Your task is to restate the listing word for word without the pictures.
====================
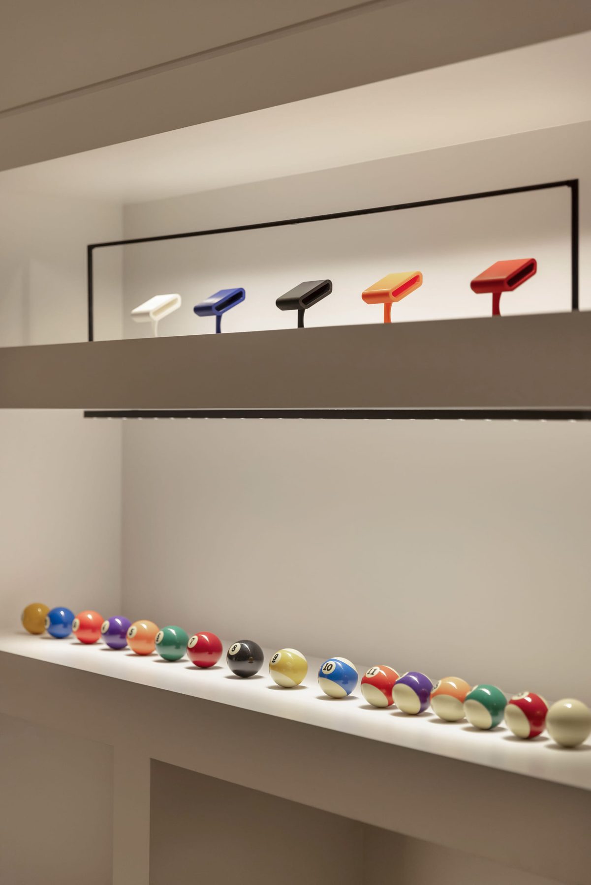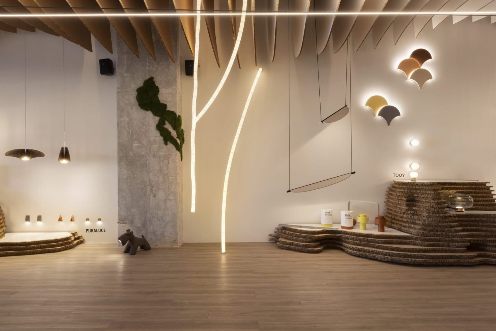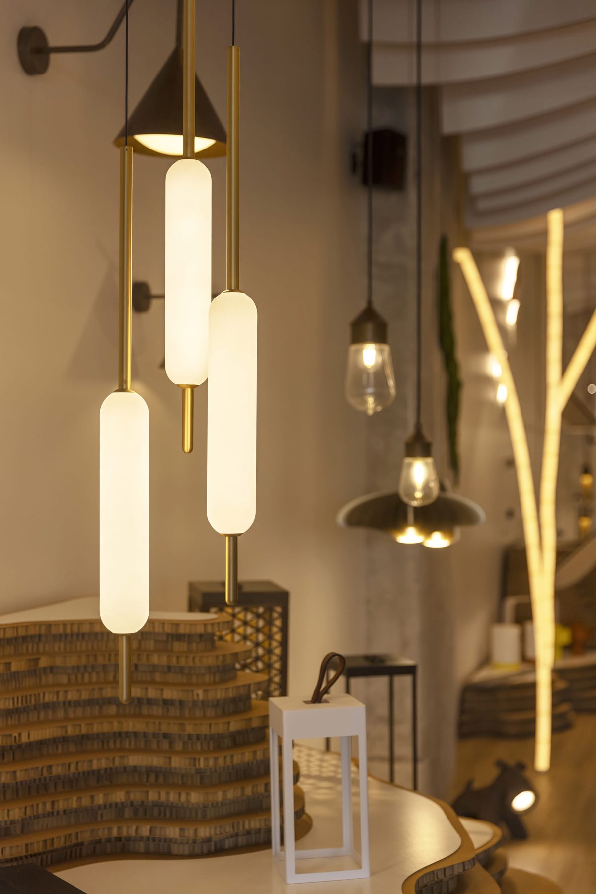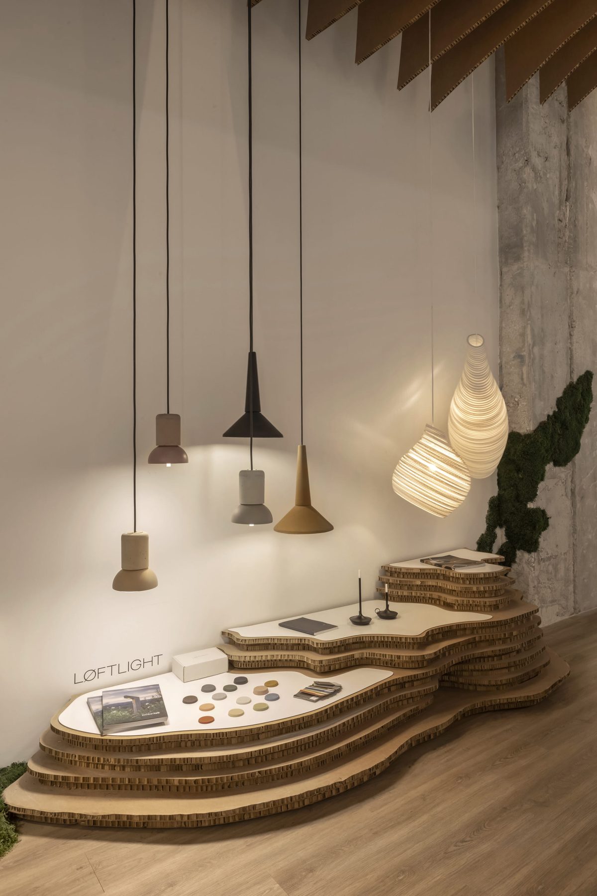 Ολόκληρος ο ισόγειος χώρος λειτουργεί ως εκθεσιακή ζώνη με έμφαση στον διακοσμητικό φωτισμό, αναδεικνύοντας φωτιστικά από επιλεγμένες συνεργαζόμενες εταιρείες μέσα σε ένα «τεχνητό τοπίο». Η παρουσία βιτρίνας προς τη Λ. Κηφισίας προσδίδει στον χώρο χαρακτήρα «αστικού εκθέματος», τοποθετώντας τον σε διάλογο με τα premium brands που τον περιβάλλουν.
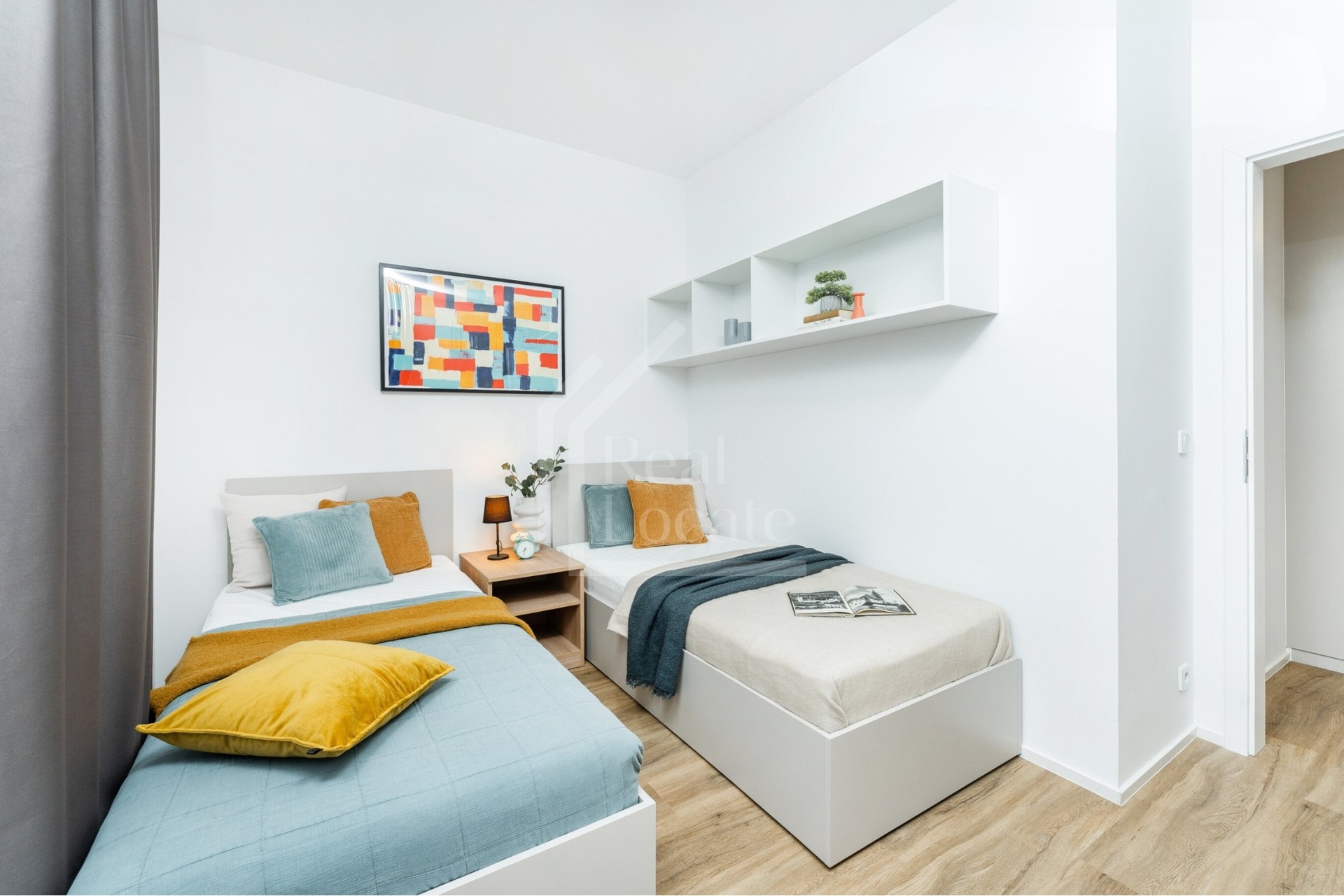 Квартиры в проекте полностью оборудованы, энергоэффективны и готовы к немедленному заселению. В них предусмотрены все удобства - от современных кухонных гарнитуров до просторных ванных комнат с ванной и/или душем. Предоставляется вся мебель, включая качественный матрас, телевизор и множество продуманных мест для хранения, а также стиральная машина (в ванной или кладовой). Обстановка также включает в себя современные технологии, такие как кондиционер с рекуперацией тепла, возможность разблокировки с помощью чипа или защищенной подготовки для высокоскоростного подключения к Интернету и цифрового телевидения, а в большинстве квартир есть жалюзи с электроприводом. В отдельных квартирах также есть роскошная отдельная гардеробная.
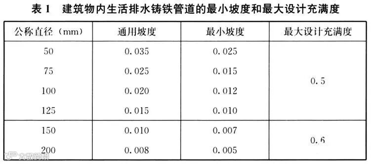 建筑物内生活排水铸铁管道的最小坡度和最大设计充满度见表1。
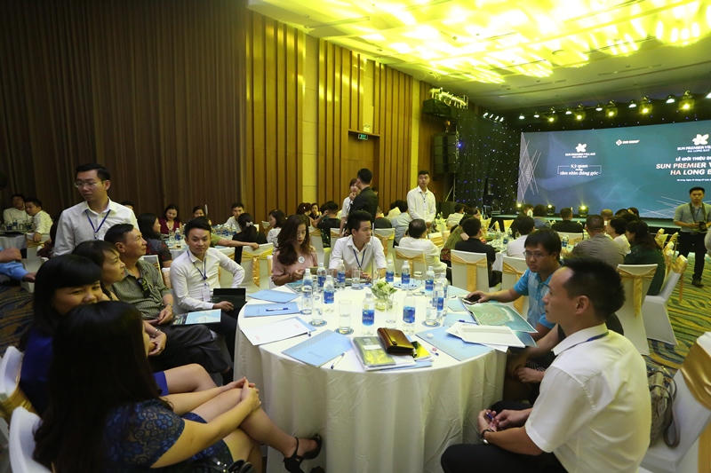 Bà Đinh Vân Anh, Giám đốc kinh doanh sàn bất động sản Quảng Ninh Land - một trong các đơn vị phân phối chính thức sản phẩm cho biết, đây là sự kiện được thị trường Quảng Ninh đón chờ từ lâu. Chỉ tính riêng lượng khách đăng ký qua sàn Quảng Ninh Land, ngoài hơn 200 nhà đầu tư sinh sống trên địa bàn còn có hàng trăm nhà đầu tư tới từ Hà Nội và TP Hồ Chí Minh. Cùng với đó, số lượng khách hàng đăng ký dự sự kiện qua các sàn còn lại cũng rất lớn khiến hội trường lớn khách sạn 5 sao Wyndham Legend Ha Long sáng 1/7 chật kín.
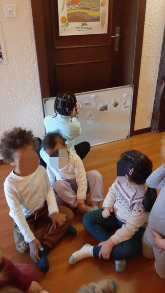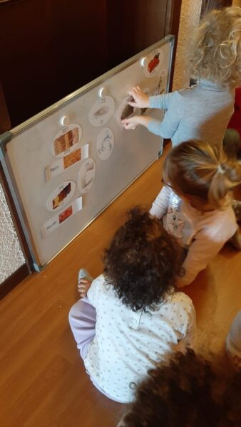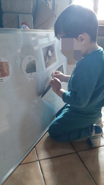 En salle, après une récré bien méritée, nous parlons de certaines particularités de la chèvre, de ses besoins pour vivre et de ce qu’elle produit. Nous le faisons avec des images aimantées que les enfants vont déposer l’un après l’autre sur notre panneau blanc.
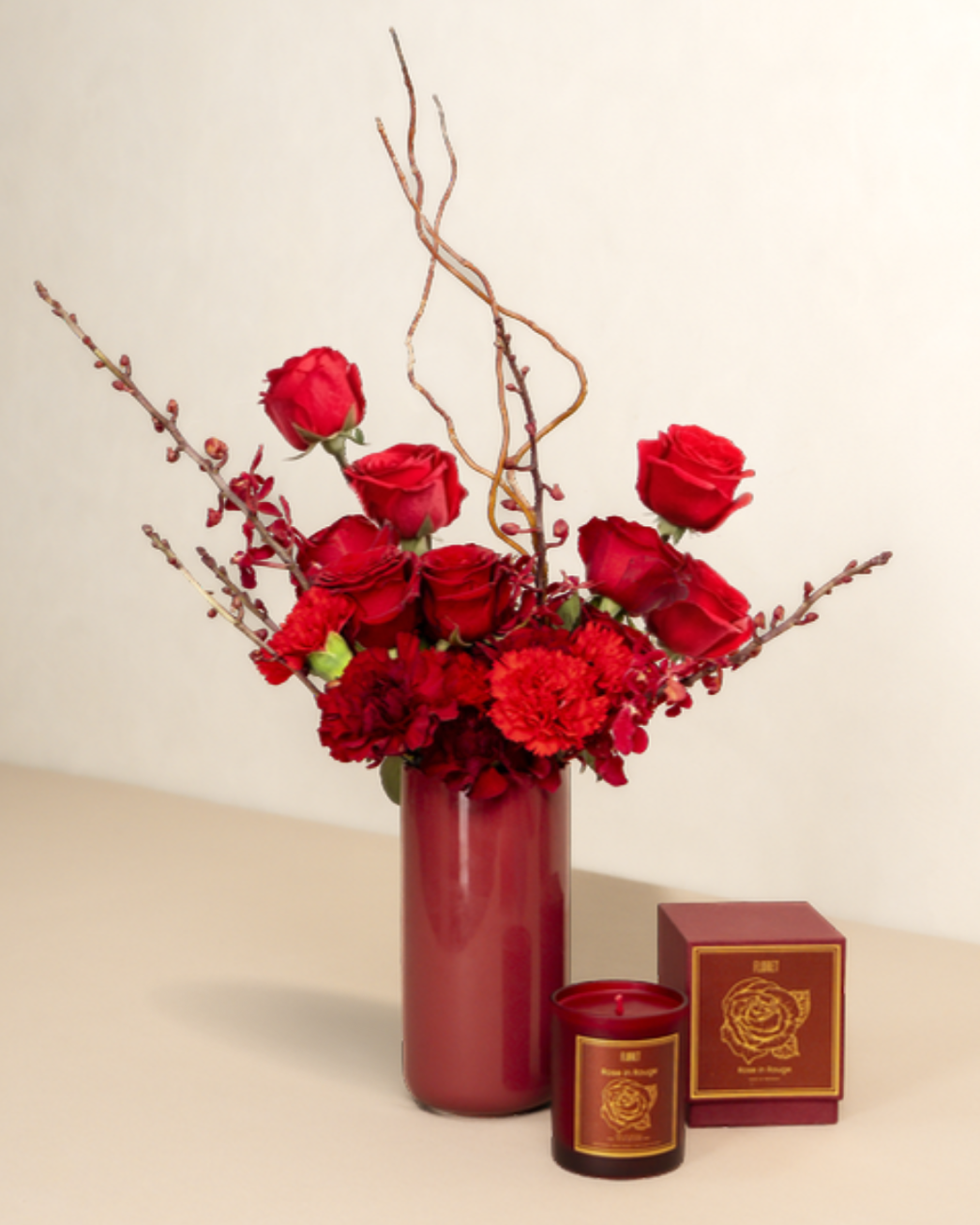The Rouge Vase Arrangement and Rose in Rouge Red Label Candles
====================
Response to this exercise.
 Ολόκληρος ο ισόγειος χώρος λειτουργεί ως εκθεσιακή ζώνη με έμφαση στον διακοσμητικό φωτισμό, αναδεικνύοντας φωτιστικά από επιλεγμένες συνεργαζόμενες εταιρείες μέσα σε ένα «τεχνητό τοπίο». Η παρουσία βιτρίνας προς τη Λ. Κηφισίας προσδίδει στον χώρο χαρακτήρα «αστικού εκθέματος», τοποθετώντας τον σε διάλογο με τα premium brands που τον περιβάλλουν.
 Квартиры в проекте полностью оборудованы, энергоэффективны и готовы к немедленному заселению. В них предусмотрены все удобства - от современных кухонных гарнитуров до просторных ванных комнат с ванной и/или душем. Предоставляется вся мебель, включая качественный матрас, телевизор и множество продуманных мест для хранения, а также стиральная машина (в ванной или кладовой). Обстановка также включает в себя современные технологии, такие как кондиционер с рекуперацией тепла, возможность разблокировки с помощью чипа или защищенной подготовки для высокоскоростного подключения к Интернету и цифрового телевидения, а в большинстве квартир есть жалюзи с электроприводом. В отдельных квартирах также есть роскошная отдельная гардеробная.
 建筑物内生活排水铸铁管道的最小坡度和最大设计充满度见表1。
 Bà Đinh Vân Anh, Giám đốc kinh doanh sàn bất động sản Quảng Ninh Land - một trong các đơn vị phân phối chính thức sản phẩm cho biết, đây là sự kiện được thị trường Quảng Ninh đón chờ từ lâu. Chỉ tính riêng lượng khách đăng ký qua sàn Quảng Ninh Land, ngoài hơn 200 nhà đầu tư sinh sống trên địa bàn còn có hàng trăm nhà đầu tư tới từ Hà Nội và TP Hồ Chí Minh. Cùng với đó, số lượng khách hàng đăng ký dự sự kiện qua các sàn còn lại cũng rất lớn khiến hội trường lớn khách sạn 5 sao Wyndham Legend Ha Long sáng 1/7 chật kín.
 En salle, après une récré bien méritée, nous parlons de certaines particularités de la chèvre, de ses besoins pour vivre et de ce qu’elle produit. Nous le faisons avec des images aimantées que les enfants vont déposer l’un après l’autre sur notre panneau blanc.
The Rouge Vase Arrangement and Rose in Rouge Red Label Candles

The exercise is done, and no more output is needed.